[Aim of the task]:
Set down every entry again word for word, please, but skip the pictures.

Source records
*** Block opens ***

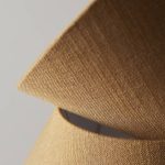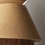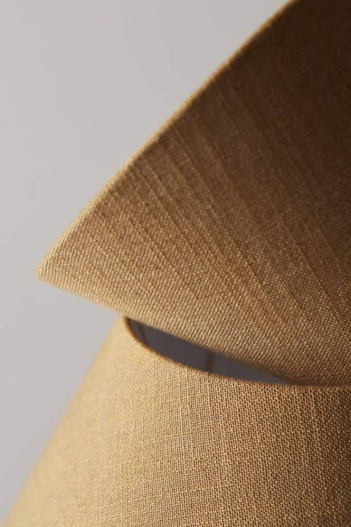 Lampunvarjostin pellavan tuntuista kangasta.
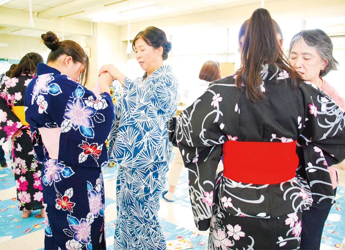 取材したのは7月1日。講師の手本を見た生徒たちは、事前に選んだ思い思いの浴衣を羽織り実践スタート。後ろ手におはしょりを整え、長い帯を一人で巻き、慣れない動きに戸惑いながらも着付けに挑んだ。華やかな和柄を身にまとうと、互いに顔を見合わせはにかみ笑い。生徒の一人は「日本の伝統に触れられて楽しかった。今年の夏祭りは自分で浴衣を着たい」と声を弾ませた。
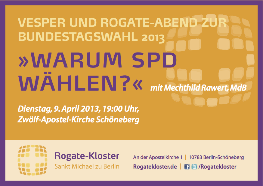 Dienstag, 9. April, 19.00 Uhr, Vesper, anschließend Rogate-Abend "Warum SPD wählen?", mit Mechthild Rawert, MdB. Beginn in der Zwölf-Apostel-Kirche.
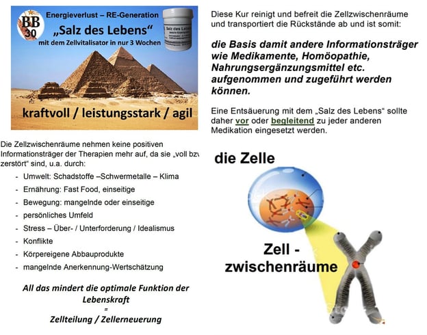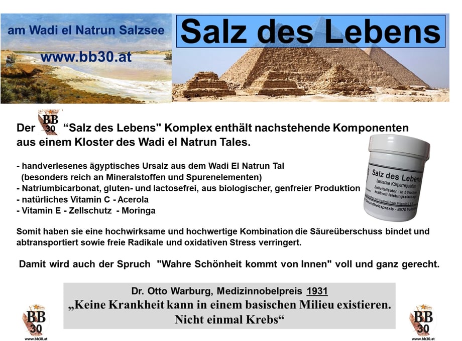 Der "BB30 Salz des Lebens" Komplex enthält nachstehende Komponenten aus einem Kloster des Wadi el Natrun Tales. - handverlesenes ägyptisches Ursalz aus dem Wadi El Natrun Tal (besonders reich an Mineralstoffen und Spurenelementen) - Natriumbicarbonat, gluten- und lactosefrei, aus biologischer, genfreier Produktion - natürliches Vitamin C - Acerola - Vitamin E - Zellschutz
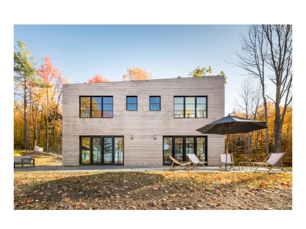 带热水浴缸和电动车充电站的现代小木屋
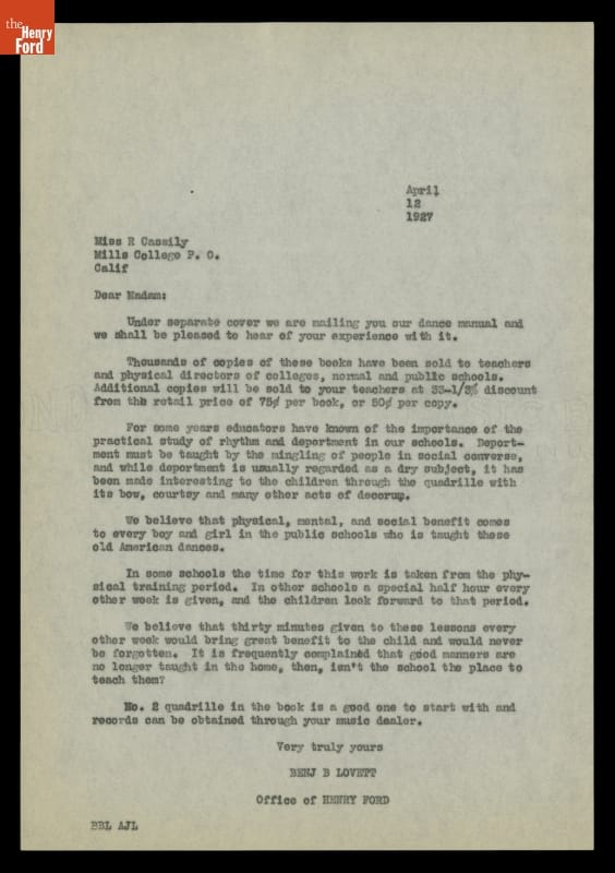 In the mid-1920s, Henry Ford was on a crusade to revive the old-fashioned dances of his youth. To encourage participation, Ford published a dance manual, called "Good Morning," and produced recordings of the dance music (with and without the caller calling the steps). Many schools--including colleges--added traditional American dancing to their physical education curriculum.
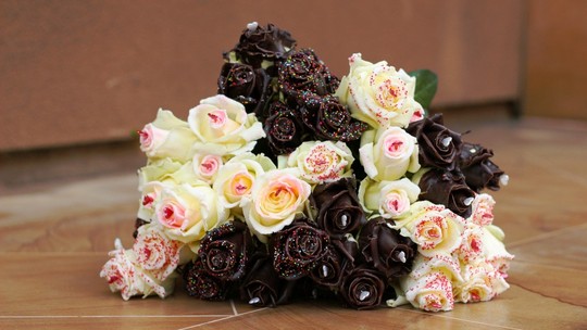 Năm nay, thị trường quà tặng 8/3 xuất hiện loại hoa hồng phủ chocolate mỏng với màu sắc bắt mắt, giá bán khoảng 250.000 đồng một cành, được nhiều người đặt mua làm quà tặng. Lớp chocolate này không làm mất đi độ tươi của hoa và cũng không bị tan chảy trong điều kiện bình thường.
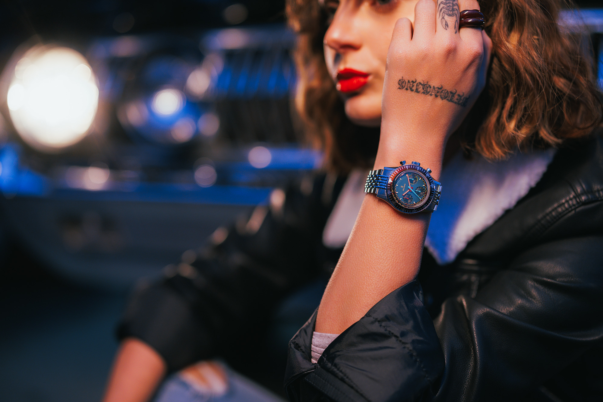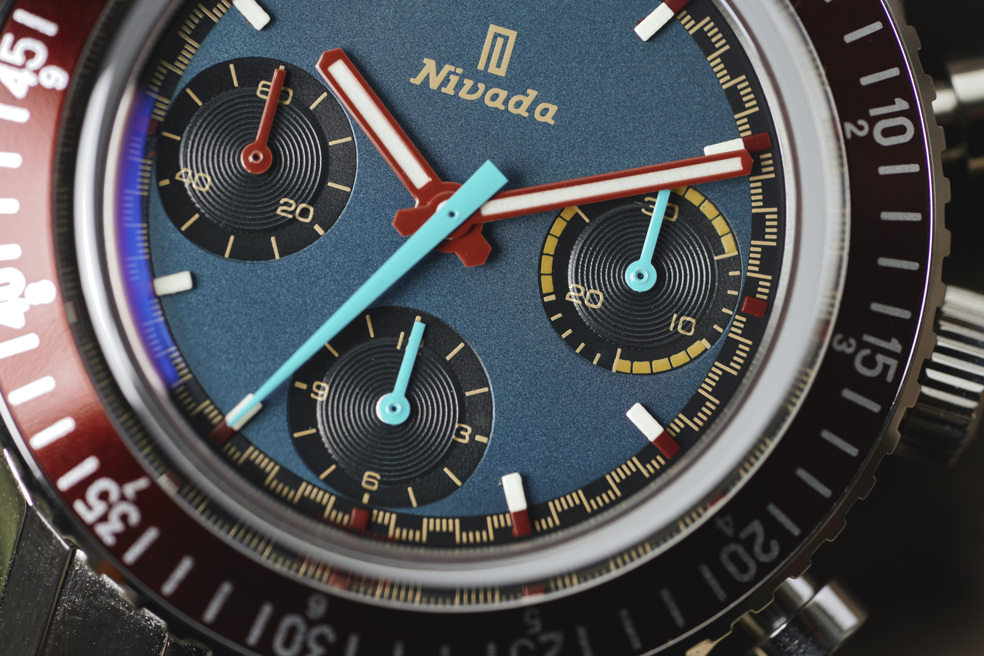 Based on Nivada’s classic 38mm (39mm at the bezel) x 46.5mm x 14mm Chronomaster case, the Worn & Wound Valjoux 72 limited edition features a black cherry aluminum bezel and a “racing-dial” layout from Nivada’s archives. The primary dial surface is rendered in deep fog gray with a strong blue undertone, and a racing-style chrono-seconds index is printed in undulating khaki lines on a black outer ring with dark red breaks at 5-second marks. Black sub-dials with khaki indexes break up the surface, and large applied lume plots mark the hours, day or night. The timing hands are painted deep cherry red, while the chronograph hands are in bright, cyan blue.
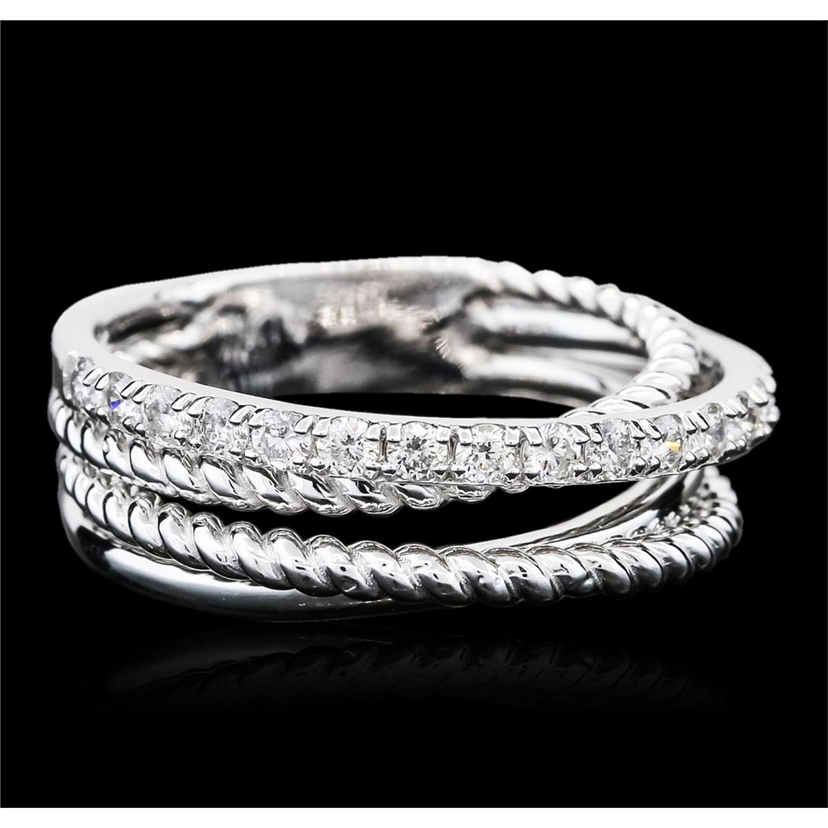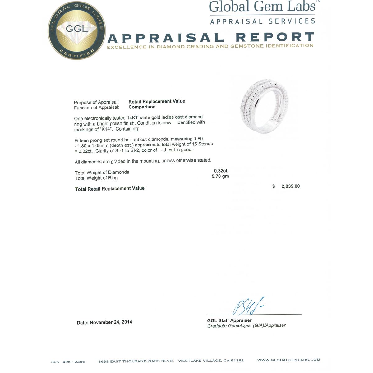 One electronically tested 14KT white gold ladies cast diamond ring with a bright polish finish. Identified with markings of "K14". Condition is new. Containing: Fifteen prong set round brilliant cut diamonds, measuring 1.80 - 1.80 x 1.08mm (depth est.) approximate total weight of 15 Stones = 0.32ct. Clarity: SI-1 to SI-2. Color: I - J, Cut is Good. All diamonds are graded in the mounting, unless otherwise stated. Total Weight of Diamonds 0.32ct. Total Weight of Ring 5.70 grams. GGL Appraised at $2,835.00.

*** Block closes ***

[Written solution]:
 Lampunvarjostin pellavan tuntuista kangasta.
 取材したのは7月1日。講師の手本を見た生徒たちは、事前に選んだ思い思いの浴衣を羽織り実践スタート。後ろ手におはしょりを整え、長い帯を一人で巻き、慣れない動きに戸惑いながらも着付けに挑んだ。華やかな和柄を身にまとうと、互いに顔を見合わせはにかみ笑い。生徒の一人は「日本の伝統に触れられて楽しかった。今年の夏祭りは自分で浴衣を着たい」と声を弾ませた。
 Dienstag, 9. April, 19.00 Uhr, Vesper, anschließend Rogate-Abend "Warum SPD wählen?", mit Mechthild Rawert, MdB. Beginn in der Zwölf-Apostel-Kirche.
 Der "BB30 Salz des Lebens" Komplex enthält nachstehende Komponenten aus einem Kloster des Wadi el Natrun Tales. - handverlesenes ägyptisches Ursalz aus dem Wadi El Natrun Tal (besonders reich an Mineralstoffen und Spurenelementen) - Natriumbicarbonat, gluten- und lactosefrei, aus biologischer, genfreier Produktion - natürliches Vitamin C - Acerola - Vitamin E - Zellschutz
 带热水浴缸和电动车充电站的现代小木屋
 In the mid-1920s, Henry Ford was on a crusade to revive the old-fashioned dances of his youth. To encourage participation, Ford published a dance manual, called "Good Morning," and produced recordings of the dance music (with and without the caller calling the steps). Many schools--including colleges--added traditional American dancing to their physical education curriculum.
 Năm nay, thị trường quà tặng 8/3 xuất hiện loại hoa hồng phủ chocolate mỏng với màu sắc bắt mắt, giá bán khoảng 250.000 đồng một cành, được nhiều người đặt mua làm quà tặng. Lớp chocolate này không làm mất đi độ tươi của hoa và cũng không bị tan chảy trong điều kiện bình thường.
 Based on Nivada’s classic 38mm (39mm at the bezel) x 46.5mm x 14mm Chronomaster case, the Worn & Wound Valjoux 72 limited edition features a black cherry aluminum bezel and a “racing-dial” layout from Nivada’s archives. The primary dial surface is rendered in deep fog gray with a strong blue undertone, and a racing-style chrono-seconds index is printed in undulating khaki lines on a black outer ring with dark red breaks at 5-second marks. Black sub-dials with khaki indexes break up the surface, and large applied lume plots mark the hours, day or night. The timing hands are painted deep cherry red, while the chronograph hands are in bright, cyan blue.
 One electronically tested 14KT white gold ladies cast diamond ring with a bright polish finish. Identified with markings of "K14". Condition is new. Containing: Fifteen prong set round brilliant cut diamonds, measuring 1.80 - 1.80 x 1.08mm (depth est.) approximate total weight of 15 Stones = 0.32ct. Clarity: SI-1 to SI-2. Color: I - J, Cut is Good. All diamonds are graded in the mounting, unless otherwise stated. Total Weight of Diamonds 0.32ct. Total Weight of Ring 5.70 grams. GGL Appraised at $2,835.00.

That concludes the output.